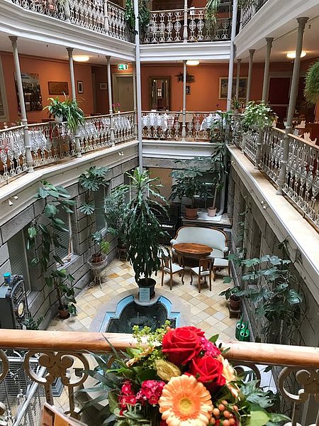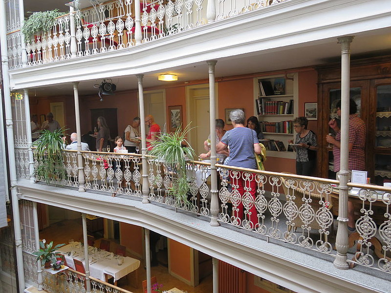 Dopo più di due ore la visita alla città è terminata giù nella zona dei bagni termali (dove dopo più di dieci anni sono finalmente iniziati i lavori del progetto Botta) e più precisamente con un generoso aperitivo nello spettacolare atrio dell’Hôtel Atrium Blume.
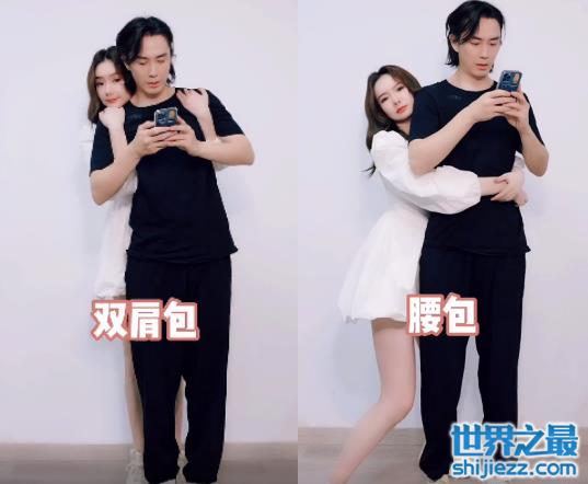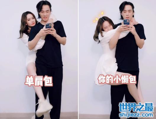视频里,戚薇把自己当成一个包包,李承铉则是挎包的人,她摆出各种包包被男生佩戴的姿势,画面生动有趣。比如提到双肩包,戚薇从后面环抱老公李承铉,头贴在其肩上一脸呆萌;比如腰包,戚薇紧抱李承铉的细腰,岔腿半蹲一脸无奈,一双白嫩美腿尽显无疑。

########

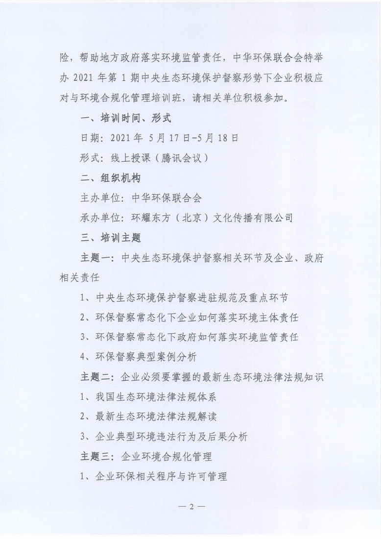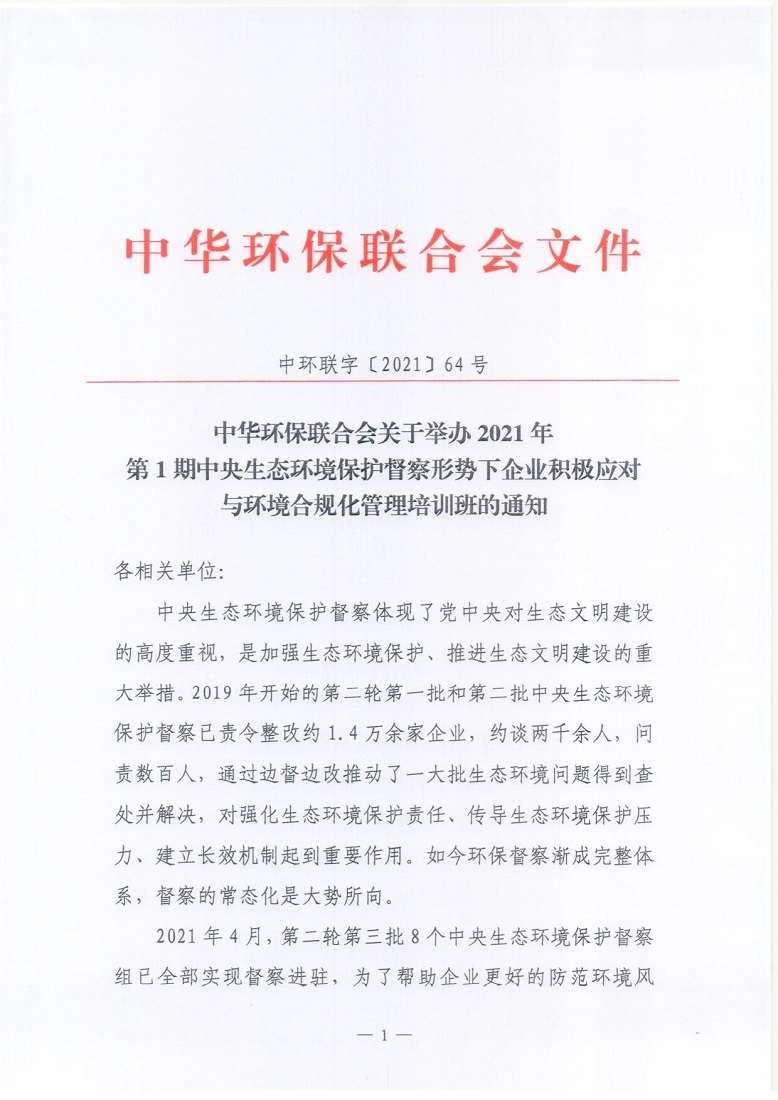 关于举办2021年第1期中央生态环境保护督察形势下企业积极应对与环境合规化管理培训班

########

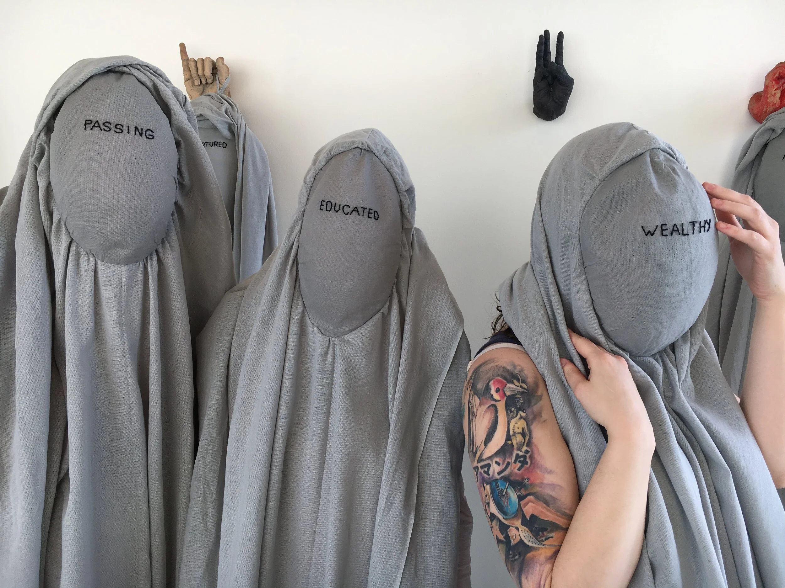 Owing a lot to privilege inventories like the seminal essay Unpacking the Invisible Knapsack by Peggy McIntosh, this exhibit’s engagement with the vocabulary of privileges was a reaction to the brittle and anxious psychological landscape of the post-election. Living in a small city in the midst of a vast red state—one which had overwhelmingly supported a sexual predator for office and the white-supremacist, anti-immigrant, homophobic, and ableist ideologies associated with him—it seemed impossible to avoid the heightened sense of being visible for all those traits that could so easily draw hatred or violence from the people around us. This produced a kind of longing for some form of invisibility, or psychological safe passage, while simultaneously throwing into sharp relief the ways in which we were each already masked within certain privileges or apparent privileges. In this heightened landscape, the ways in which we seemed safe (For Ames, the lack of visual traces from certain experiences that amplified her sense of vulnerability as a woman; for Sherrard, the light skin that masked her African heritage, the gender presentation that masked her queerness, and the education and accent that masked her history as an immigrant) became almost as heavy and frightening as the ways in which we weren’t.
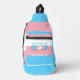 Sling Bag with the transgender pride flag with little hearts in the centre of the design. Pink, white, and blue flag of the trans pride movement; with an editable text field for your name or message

########

Problem requirements: The output is the stretch above from the line with "Dopo più di due" through the line with "视频里,戚薇把自己当成一个包", copied word for word with both ends kept and every picture dropped.

Answer to the problem:
 Dopo più di due ore la visita alla città è terminata giù nella zona dei bagni termali (dove dopo più di dieci anni sono finalmente iniziati i lavori del progetto Botta) e più precisamente con un generoso aperitivo nello spettacolare atrio dell’Hôtel Atrium Blume.
视频里,戚薇把自己当成一个包包,李承铉则是挎包的人,她摆出各种包包被男生佩戴的姿势,画面生动有趣。比如提到双肩包,戚薇从后面环抱老公李承铉,头贴在其肩上一脸呆萌;比如腰包,戚薇紧抱李承铉的细腰,岔腿半蹲一脸无奈,一双白嫩美腿尽显无疑。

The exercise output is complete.